Politique culturelle
Charlie Hebdo, pour une fois, Miyazaki ne fait pas l’unanimité…

Charlie Hebdo, pour une fois, Miyazaki ne fait pas l’unanimité…

18 février 2015 | PAR Mathilde Dumazet

Dans une interview de Hayao Miyazaki sur TBS radio, la discussion s’est portée sur les attentats du 7 janvier contre Charlie Hebdo. Le célèbre réalisateur japonais a déclaré que pour lui « c’est une erreur de caricaturer ceux que les autres cultures vénèrent ». 

Le père des films d’animation comme le Voyage de Chihiro, qui figure parmi les plus reconnus du genre dans le monde (Oscar du meilleur film d’animation en 2003 et un Oscar d’honneur en 2014 pour le réalisateur), a suggéré qu’il serait bon d’arrêter de publier de telles caricatures (entre autres celles qui représentent le prophète).

Plusieurs choses nous étonnent. Tout d’abord, certains justifient l’avis du réalisateur en invoquant la « culture japonaise ». Celle-ci prône le respect mutuel et inclurait une interdiction implicite de froisser les sensibilités de chacun. Hayao Miyazaki a par la suite ajouté qu’il faudrait que les caricaturistes se concentrent principalement sur les politiciens de leur pays, en touchant le moins possible à ceux des autres pays, « car cela paraît suspect ». On pourrait donc froisser les politiques, mais pas les autres.

Quand on connaît la proportion de caricatures sur les politiques et sur les religions dans Charlie Hebdo, on peut affirmer que les premiers en prennent pour leur grade, et ce, parfois bien plus que les religions.

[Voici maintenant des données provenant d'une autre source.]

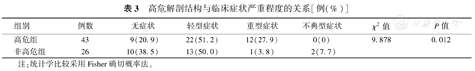 高危解剖结构与临床症状严重程度的关系[例(%)]
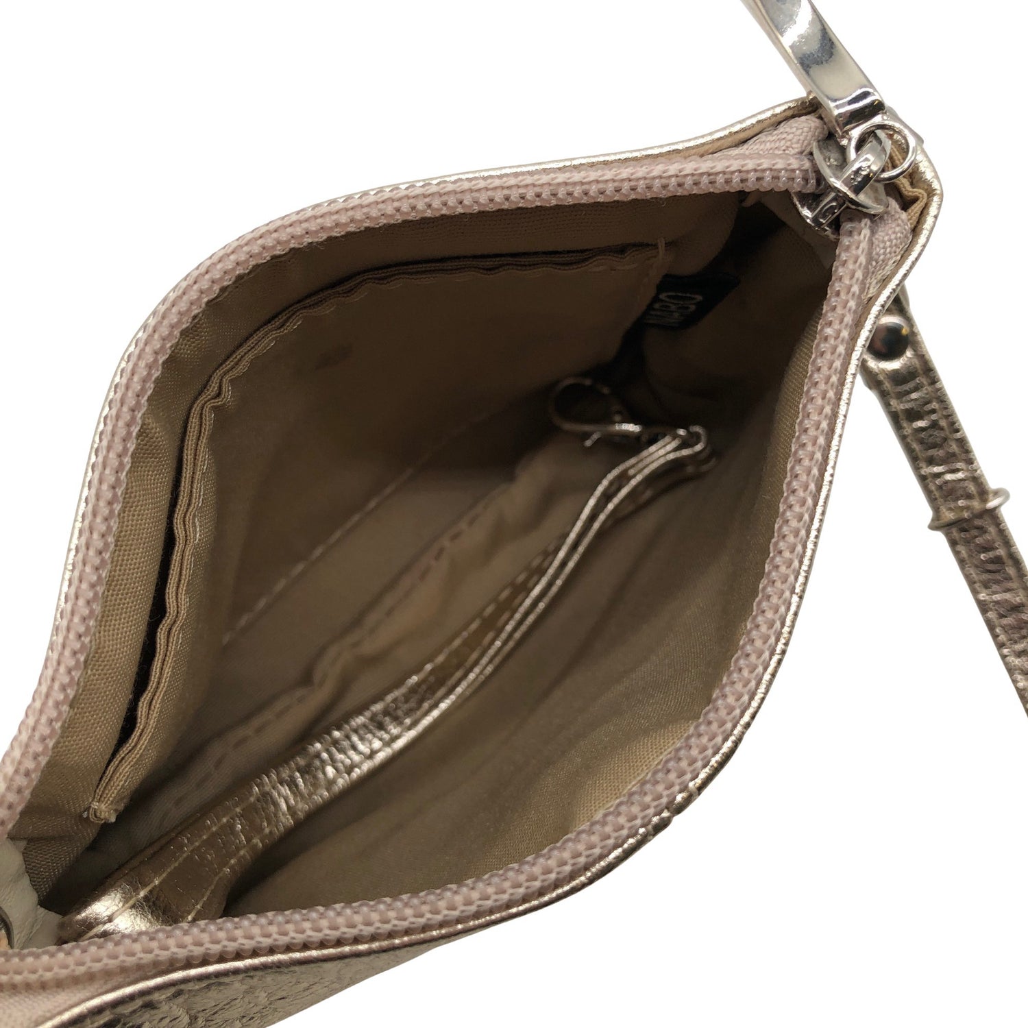 Crossbody. Irrotettava olkahihna/rannelenkki. Olkahihnan pituus on säädettävissä. Tuotteen sisäpuolella on tahra. Tuotteen pinnassa on aavistus pesu-/käyttökulumaa.

La déclaration du réalisateur est d’autant plus étonnante quand on connaît son attachement aux valeurs antinationalistes et pacifistes. Valeurs qu’il partage avec Charlie Hebdo et qu’il dénonce dans ses films (Le vent se lève est profondément antimilitariste) comme le fait Charlie Hebdo dans ses dessins. Miyazaki n’était pas allé recevoir son prix en 2003 aux Oscars, reprochant aux Etats-Unis leur intervention en Irak. Il ne critiquait alors pas les politiciens de son pays, mais ceux de Washington. Cela avait-t-il été considéré suspect ? Pas vraiment…

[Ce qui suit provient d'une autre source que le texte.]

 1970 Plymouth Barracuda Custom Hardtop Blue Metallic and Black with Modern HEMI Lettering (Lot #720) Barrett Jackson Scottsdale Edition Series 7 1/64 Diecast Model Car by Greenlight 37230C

L’intervention radiophonique du réalisateur fait polémique. Beaucoup de voix se sont élevées sur le danger de publier de telles caricatures, mais au vu des prises de position passées du japonais, on peut s’étonner de tels propos. Car au fond, Charlie Hebdo comme Miyazaki, par leurs dessins, essayaient de faire passer le même message.